* _Data excerpts_:
-- Opening Marker --

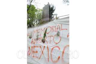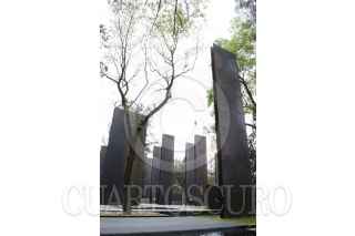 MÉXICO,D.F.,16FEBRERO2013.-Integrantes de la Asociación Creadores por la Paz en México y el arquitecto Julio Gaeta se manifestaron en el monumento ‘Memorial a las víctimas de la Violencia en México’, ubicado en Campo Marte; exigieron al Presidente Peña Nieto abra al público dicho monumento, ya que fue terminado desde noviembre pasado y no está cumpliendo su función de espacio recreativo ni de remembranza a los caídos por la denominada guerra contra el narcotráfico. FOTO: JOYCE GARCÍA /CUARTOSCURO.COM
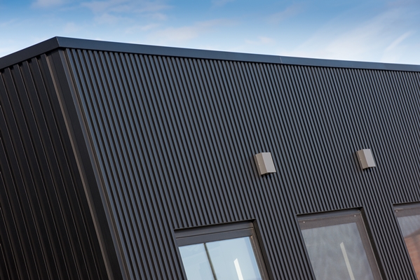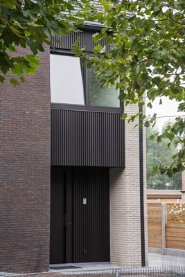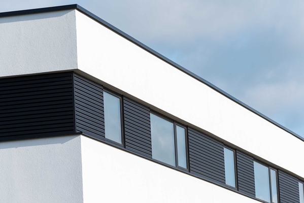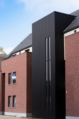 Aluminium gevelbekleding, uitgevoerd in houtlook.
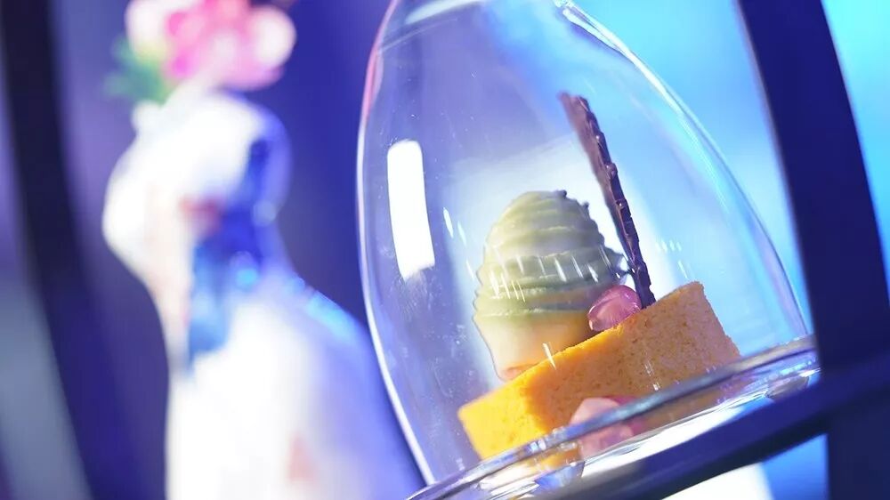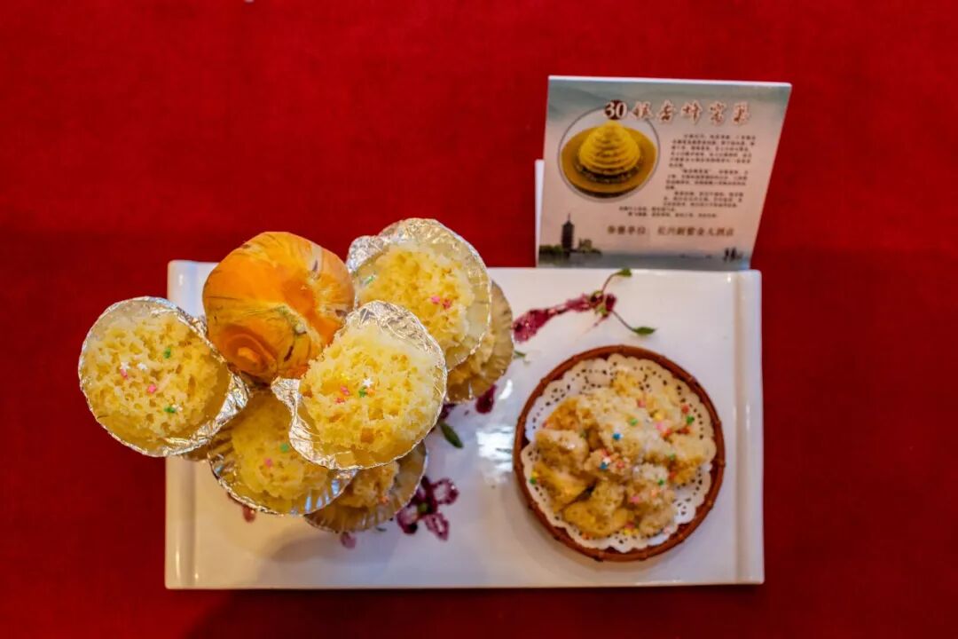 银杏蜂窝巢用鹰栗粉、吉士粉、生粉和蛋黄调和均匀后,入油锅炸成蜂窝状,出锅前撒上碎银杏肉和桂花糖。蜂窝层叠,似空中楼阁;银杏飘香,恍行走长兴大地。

-- Closing Marker --
-- Opening Marker --

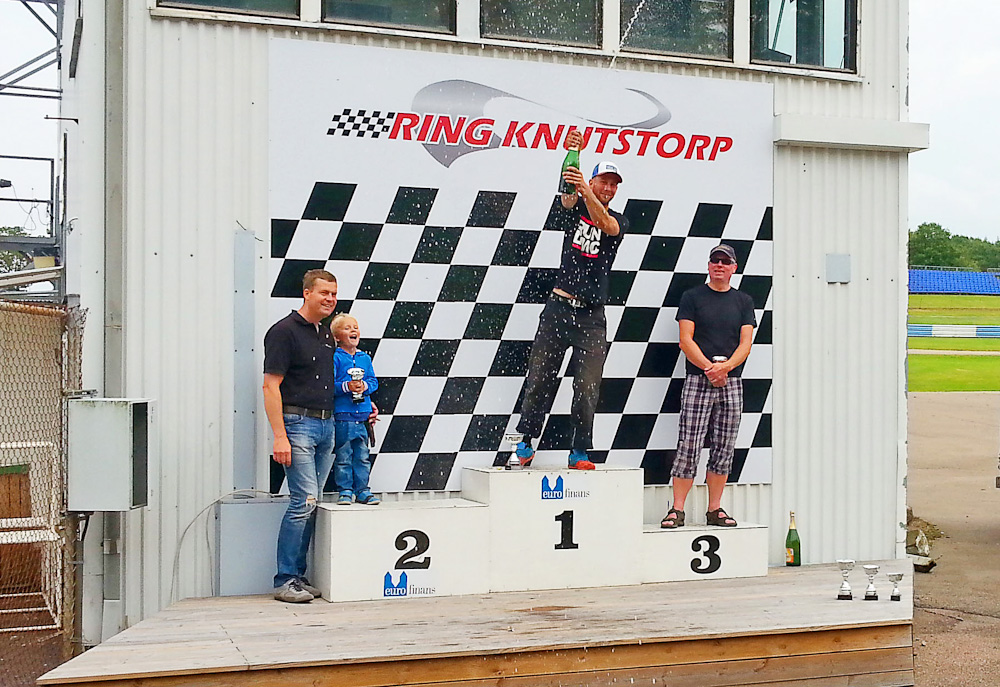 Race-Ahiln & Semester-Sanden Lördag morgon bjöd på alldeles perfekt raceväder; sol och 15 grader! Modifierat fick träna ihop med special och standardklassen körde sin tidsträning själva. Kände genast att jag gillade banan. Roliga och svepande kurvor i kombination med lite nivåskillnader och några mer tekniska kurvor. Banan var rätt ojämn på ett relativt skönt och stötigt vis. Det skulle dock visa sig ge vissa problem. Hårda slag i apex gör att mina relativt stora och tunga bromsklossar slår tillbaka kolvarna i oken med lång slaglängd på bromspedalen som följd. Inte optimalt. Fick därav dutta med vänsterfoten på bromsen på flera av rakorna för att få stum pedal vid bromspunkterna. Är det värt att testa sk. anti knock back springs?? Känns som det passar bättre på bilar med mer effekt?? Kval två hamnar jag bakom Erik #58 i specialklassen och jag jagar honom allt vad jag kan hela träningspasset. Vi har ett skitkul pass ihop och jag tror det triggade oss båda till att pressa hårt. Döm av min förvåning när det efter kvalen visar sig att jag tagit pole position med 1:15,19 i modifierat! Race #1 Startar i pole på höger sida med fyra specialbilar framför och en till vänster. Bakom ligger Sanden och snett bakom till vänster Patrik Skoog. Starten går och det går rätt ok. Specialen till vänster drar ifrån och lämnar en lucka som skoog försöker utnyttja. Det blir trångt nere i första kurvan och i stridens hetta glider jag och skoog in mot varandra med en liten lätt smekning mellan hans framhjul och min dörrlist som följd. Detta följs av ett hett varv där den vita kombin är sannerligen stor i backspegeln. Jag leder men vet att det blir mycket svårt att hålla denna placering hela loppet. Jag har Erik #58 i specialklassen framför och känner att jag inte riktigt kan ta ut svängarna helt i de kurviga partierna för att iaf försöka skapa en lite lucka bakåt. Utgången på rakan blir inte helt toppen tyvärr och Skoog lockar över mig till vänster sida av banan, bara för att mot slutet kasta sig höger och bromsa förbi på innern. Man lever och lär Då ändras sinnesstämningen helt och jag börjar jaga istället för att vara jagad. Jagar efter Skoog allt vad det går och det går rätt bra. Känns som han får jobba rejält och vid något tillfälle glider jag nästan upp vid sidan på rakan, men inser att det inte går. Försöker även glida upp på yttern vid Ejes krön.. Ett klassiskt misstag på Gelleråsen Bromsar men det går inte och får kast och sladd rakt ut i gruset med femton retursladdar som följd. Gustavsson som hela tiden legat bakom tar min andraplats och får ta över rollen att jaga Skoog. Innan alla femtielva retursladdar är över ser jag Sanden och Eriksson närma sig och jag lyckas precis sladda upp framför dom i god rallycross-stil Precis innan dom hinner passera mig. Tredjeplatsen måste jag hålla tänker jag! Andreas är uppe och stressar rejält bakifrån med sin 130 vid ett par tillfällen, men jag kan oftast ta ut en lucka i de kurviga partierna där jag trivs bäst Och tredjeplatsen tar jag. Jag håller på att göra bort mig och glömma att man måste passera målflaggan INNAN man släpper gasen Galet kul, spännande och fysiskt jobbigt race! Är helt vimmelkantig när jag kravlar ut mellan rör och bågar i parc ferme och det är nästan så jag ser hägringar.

-- Closing Marker --

Start with the line above containing "MÉXICO,D.F.,16FEBRERO2013.-Integrantes de la" and end with the line containing "银杏蜂窝巢用鹰栗粉、吉士粉、". Set down that stretch exactly, without any pictures.

 MÉXICO,D.F.,16FEBRERO2013.-Integrantes de la Asociación Creadores por la Paz en México y el arquitecto Julio Gaeta se manifestaron en el monumento ‘Memorial a las víctimas de la Violencia en México’, ubicado en Campo Marte; exigieron al Presidente Peña Nieto abra al público dicho monumento, ya que fue terminado desde noviembre pasado y no está cumpliendo su función de espacio recreativo ni de remembranza a los caídos por la denominada guerra contra el narcotráfico. FOTO: JOYCE GARCÍA /CUARTOSCURO.COM
 Aluminium gevelbekleding, uitgevoerd in houtlook.
 银杏蜂窝巢用鹰栗粉、吉士粉、生粉和蛋黄调和均匀后,入油锅炸成蜂窝状,出锅前撒上碎银杏肉和桂花糖。蜂窝层叠,似空中楼阁;银杏飘香,恍行走长兴大地。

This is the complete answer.